Khamal doesn’t know what to say, but he can’t deny that he wishes to speak to Sariya as they used to. He also wants to believe that Muqallad speaks the truth, but he knows that these are lies spilling from his mouth. It’s why Khamal stole Sariya’s stone in the first place. She and Muqallad had already begun making plans against him. But they need that stone, and they don’t know where it is. They cannot risk forcing the issue, not while there’s a chance he’ll give it up willingly.
Khamal had hoped that he would be able to find a way to get Muqallad’s stone as well. But it’s too late for that. He needs to find a place to hide the stone so that they won’t find it, at least until his own plans bear fruit.
“I’ll speak with her,” Khamal says at last.
“Good,” Muqallad says. “That is good.”
Nasim woke, sweating.
The room was dark, and he could sense more than see Rabiah kneeling over him.
“It’s all right,” Rabiah said, stroking his hair.

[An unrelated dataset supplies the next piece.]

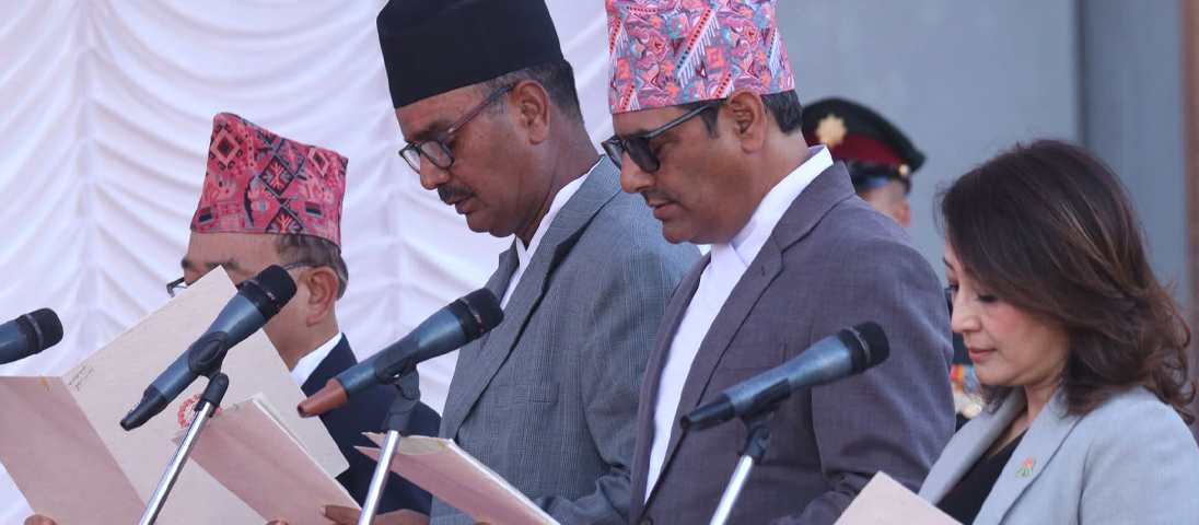 काठमाडौं । नवनियुक्त चार जना मन्त्रीहरूले आज राष्ट्रपति कार्यालय शीतलनिवासमा आयोजित समारोहबीच पद तथा गोपनीयताको शपथ ग्रहण गरेका छन्।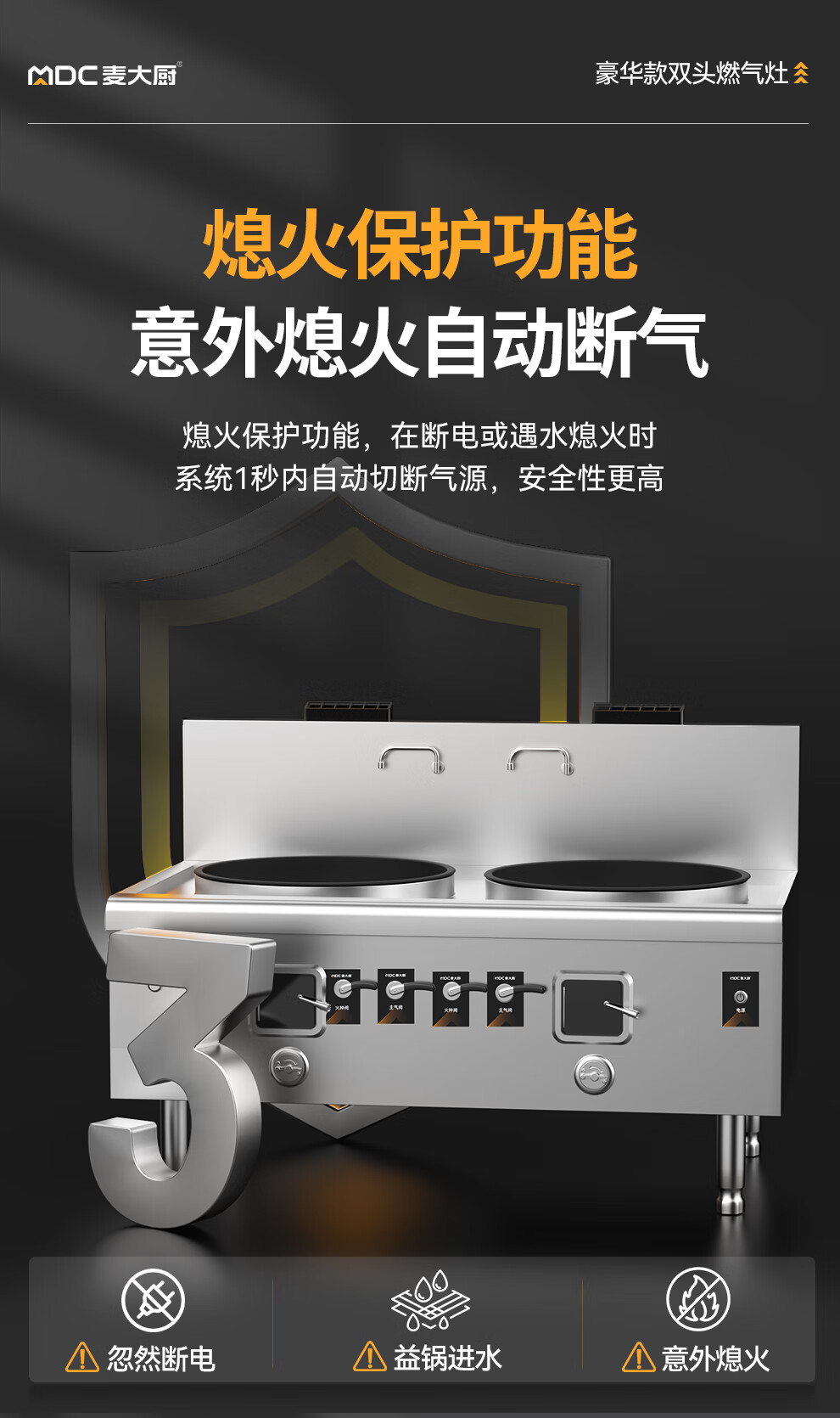 麥大廚燃氣猛火大鍋灶豪華款燃氣雙頭大炒爐600

It felt good, her tender touch, but it came so close on the heels of the bitter emotions he’d borne witness to that he pushed her hand away.
“It’s all right...”
He could hear the hurt in her voice, but there was nothing he could do about it. Not now.
“I’m here,” he said simply, giving her an indication that he was once more in command of his surroundings.
“Khamal?” she asked.
“Who else?”
“What did you see?”
He shook his head against the floor, feeling powerless. He pulled himself upright and shuffled along the floor until his back was against the wall of the small house the three of them shared. They’d found it on their long walk back from the celestia. It felt strange, sleeping in a home as ancient as this one, but they had needed something besides the skiff, so they’d taken it for their own.
He could make out Sukharam’s outline, and could tell he wasn’t breathing heavily, so he assumed he was awake. A part of him wished Sukharam wasn’t here—he wished he was alone with Rabiah—but he knew that such thoughts were foolish, selfish. He needed help, and what’s more, he needed to spread the knowledge that he gained to those he could trust. There was a strong likelihood that he wouldn’t make it out of this alive, and he couldn’t risk passing beyond the veil again without unlocking the riddles of the rift running through Ghayavand.